Well, everybody's favorite ogre has his 20th anniversary (OK, *my* favorite ogre, anyway ... 😁 )
And Donkey is one of Eddie Murphy's absolutely stellar performances - and kudos to the animators at having captured Eddie's performance, matching his voice perfectly.
Cameron Diaz as Princess Fiona is right up there with Eddie, as is Mike Myers as Shrek.
The franchise (4 films so far) also held up better, for my taste, than some other CG franchises that started at about the time, 2001.
"Ice Age" started in 2002 with that stunning first film, two and three were also amusing, but four lost it for me.
Ah, "Madagascar" was a later entry, at 2005. And visually closer to traditional cartoons. The three parts held up quite well, too.
"Finding Nemo" was from 2003.
Oh, "Antz" even predates Shrek, at 1998; "A Bug's Life" too, from the same year.
"Monsters, Inc." is from 2001 like Shrek.
And "Chicken Run", with that adorable stop-motion technology, is a year earlier, 2000.
(If you're wondering how I selected the titles - easy, from my DVD collection).
Anyway, every single one of them is a quest story.
So, Shrek (et al) fans, what are your thoughts?


----------



## Erestor Arcamen (Apr 22, 2021)

Love it, the soundtrack is fabulous and the humor never gets old to me. I'm a huge fan of Pixar's movies such as Toy Story and A Bug's Life but Shrek is one non-Disney animated movie that I also really enjoy.


----------



## Olorgando (Apr 22, 2021)

One of my favorite scenes from the first film is when Shrek, Fiona and Donkey meet that dubious Robin Hood (with a French accent) and his Merry Men - and Fiona mops the (forest) floor with the lot.
Oh. That's to be had as a clip, too:






😂😂😂😂😂

The music in the Shrek franchise is without peer, as far as memory serves. Leonard Cohen's "Hallelujah" in the first movie ...

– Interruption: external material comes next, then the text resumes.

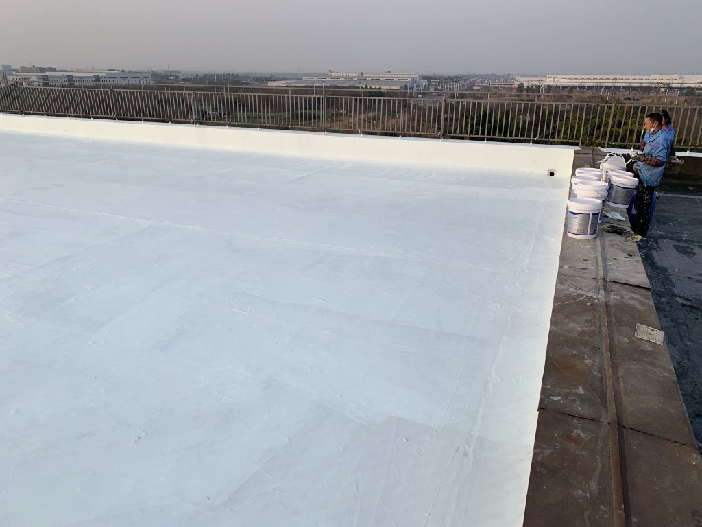 最終我們公司采取的方案是,采用我公司的聚合物防水涂料、SYR金屬屋面專用防水涂料配合專用縫織聚酯布進行施工,先針對屋頂的伸縮縫加強處理,然后再大面積施工,施工后的表層SYR金屬屋面專用防水涂料由于是專門針對裸露屋頂使用的,可以經受太陽直接暴曬,并且還具有反射隔熱作用,夏季屋頂降溫效果明顯。

But my absolutely favorite scene is from film 3, where the princesses decide to attack the castle occupied by Prince "Charming".
That switch from *über*-Disney to Led Zeppelin's "Immigrant Song", and those cutie critters suddenly looking like escapees from Stephen King's "Pet Sematary" - priceless!

But look for yourselves:


----------



## Squint-eyed Southerner (Apr 22, 2021)

Yeah, Shrek's great. I admit I was dubious at at first, but. . .


----------



## Olorgando (Apr 22, 2021)

As a reluctant hero, he does share some characteristics with Bilbo.


----------



## Starbrow (Apr 22, 2021)

Who can forget Puss in Boots?


----------



## Olorgando (Apr 23, 2021)

One thing the "Shrek" franchise has in common with the "Madagascar" franchise:
Supporting characters Like Puss in Boots and those nutty Penguins got spin-off TV series - oh, and that even nuttier lemur King Julien too. 😂


----------



## Erestor Arcamen (Jul 2, 2021)

Recently this popped up on my timeline, confirming that Shrek is dark #childhoodruined


https://imgur.com/zDWqoUr


----------